Extinction of stratified counterflow H 2 / air premixed flames under intense turbulence and strain

Highly turbulent lean premixed hydrogen-air flames stabilized against counter-flowing non-adiabatic stoichiometric combustion products in chemical equilibrium are investigated in a joint numerical and experimental effort. The effects of turbulence, strain rate, non-adiabaticity and composition stratification on flame structure, local flame quenching and re-ignition are studied using three-dimensional Direct Numerical Simulations (DNS) and laser induced fluorescence (LIF) imaging of OH. Combustion was established at an elevated turbulent Reynolds number of 1,500 and a bulk strain rate of 2400 s in a compact cylindrical volume delimited by the two co-axial nozzles of diameter 12.7 mm and separation distance of 12 mm.
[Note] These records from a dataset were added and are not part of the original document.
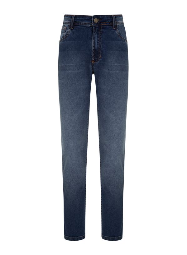 Confeccionada em jeans e algodão reciclado, a Calça possui modelagem skinny, cós com passantes, bolsos frontais e posteriores, fechamento frontal por zíper e botão, etiqueta externa aplicada e acabamento pespontado.
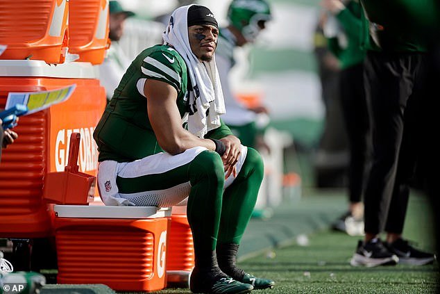 बॅकअप जेट्सचा क्वार्टरबॅक टायरॉड टेलर (2) रविवारच्या पराभवानंतर मैदानातून बाहेर पडला.
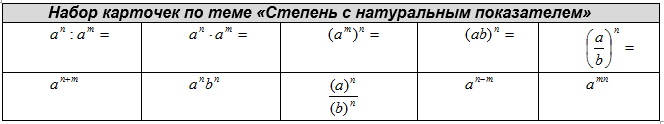 Например, набор карточек по теме «Степень с натуральным показателем» (Карточки разрезать)

The reactant and equilibrium product streams are at temperatures of 294K and 1475K respectively, and at 1 atm. Computationally, the compressible Navier-Stokes, total energy and species conservation equations are solved using a high order, low-dissipative finite difference scheme. An explicit Runge-Kutta scheme is used for time integration. A detailed chemical kinetics mechanism for hydrogen-air combustion is used, that involves 9 species and 19 elementary reaction steps. The code is parallelized with MPI message passing routines. The analysis of the combined numerical and experimental data aims to quantify the local extinction levels and examine the morphology of the extinguishing and re-light events. The joint approach focuses on a detailed presentation of the turbulence-flame interactions and an assessment of the driving mechanism that leads to the appearance of non-reactive regions along with the main re-ignition patterns. The main objective is to provide a combined numerical and experimental database and achieve in-depth physical understanding of the fundamental and complex mechanisms associated with local extinction and flame healing in turbulent stratified combustion.